How can verify without private key (NBitcoin)

Question

I am using NBitcoin nuget package. I try to create private and pub key(address). And after that , I try to sign to some message and then verify the this signature with pub key. But NBitcoin , for the verify using the BitcoinSecret object which is the has private key object. So , why for the verify NBitcoin using this object? And How can I verify signature without private key , just using address(pubKey),signature and message ? Thanks

     static void Main(string[] args)
            {

                Key Key = new Key(); //Create private key
                //We can take private key
                var privateKey = Key.GetBitcoinSecret(Network.Main);

               //Get the public key, and derive the address on the Main network
                BitcoinAddress address = privateKey.PubKey.GetAddress(Network.Main); 


                For the sign to data , create secret object.
                BitcoinSecret secret = new BitcoinSecret(Key, Network.Main);

                 string message = $"I am Nicolas";
                Console.WriteLine("Message:" + message + "\n");
                sign message with private key.
                string signature = secret.PrivateKey.SignMessage(message);
                Console.WriteLine("Signature:" + signature + "\n");






   /*      Now I dont understand this code. For the verify , I know that we need 
to signature message , message and pub or adres value.\n But in this code using
 again private secret object which has got private key.  How we can verify 
signature messaga with pub or address and message (dont include private key)*/
                if (secret.PubKey.VerifyMessage(message, signature))
                {
                    Console.WriteLine("thats okey");
                }


                Console.Read();

           }

Answer 1

Sorry, I am late to this conversation. The OP is entirely correct to conclude that you don't need a private key to verify a signature. The only point in the signature process when a private key is required is when the private key owner is signing the document. You can verify the signature with only the public key. The sample the OP uses takes the public key from the private key that signed the document. This is not the only way to get a NBitcoin PubKey.

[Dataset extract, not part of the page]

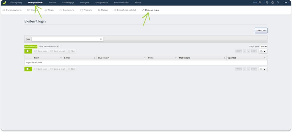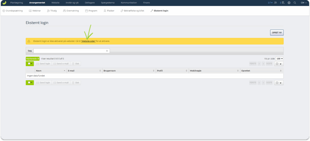 Hvis det eksterne login også skal kunne logge ind på dit arrangement via browser, kan du 👉 klikke her for en kort guide til aktivering af siden Eksternt login.

But you need to know the binary public key. It's not sufficient to know the address of the public key. But the binary public key can be shared freely. Knowing the binary public key you can instantiate an NBitcoin PubKey in two ways:

If you know the hex string of the public key:

PubKey pubKey = new PubKey(publicKeyHexString);

If you have the public key in a binary array:

PubKey pubKey = new PubKey(publicKeyBinaryArray);

I'd like to point out that I no longer see a (private key) Key.SignMessage() or a (public key) PubKey.VerifyMessage() methods. I only find (private key) Key.Sign() and a (public key) PubKey.Verify() methods. I suspect those were dropped so the implementer has complete control over the hash algorithm for the document in the signing process.

Answer 2

The public key can not exist without the private key, as the public key is derived from the private key by utilizing some kind of one-way-function. If you want to use the public key without the private key, then generate it from the private key, like you did

var pubKey = privateKey.PubKey;

store the public key to some location the verifyer has access to

File.WriteAllBytes("some/public/location/MyPubKey.key", pubKey.ToBytes());

let the verifyer read the public key without ever knowing of the private key

var pubKeyForVerification = File.ReadAllBytes("some/public/location/MyPubKey.key");

This is all there is to it. It is safe to store the public key anywhere you want, because it's practically impossible to learn the private key from it.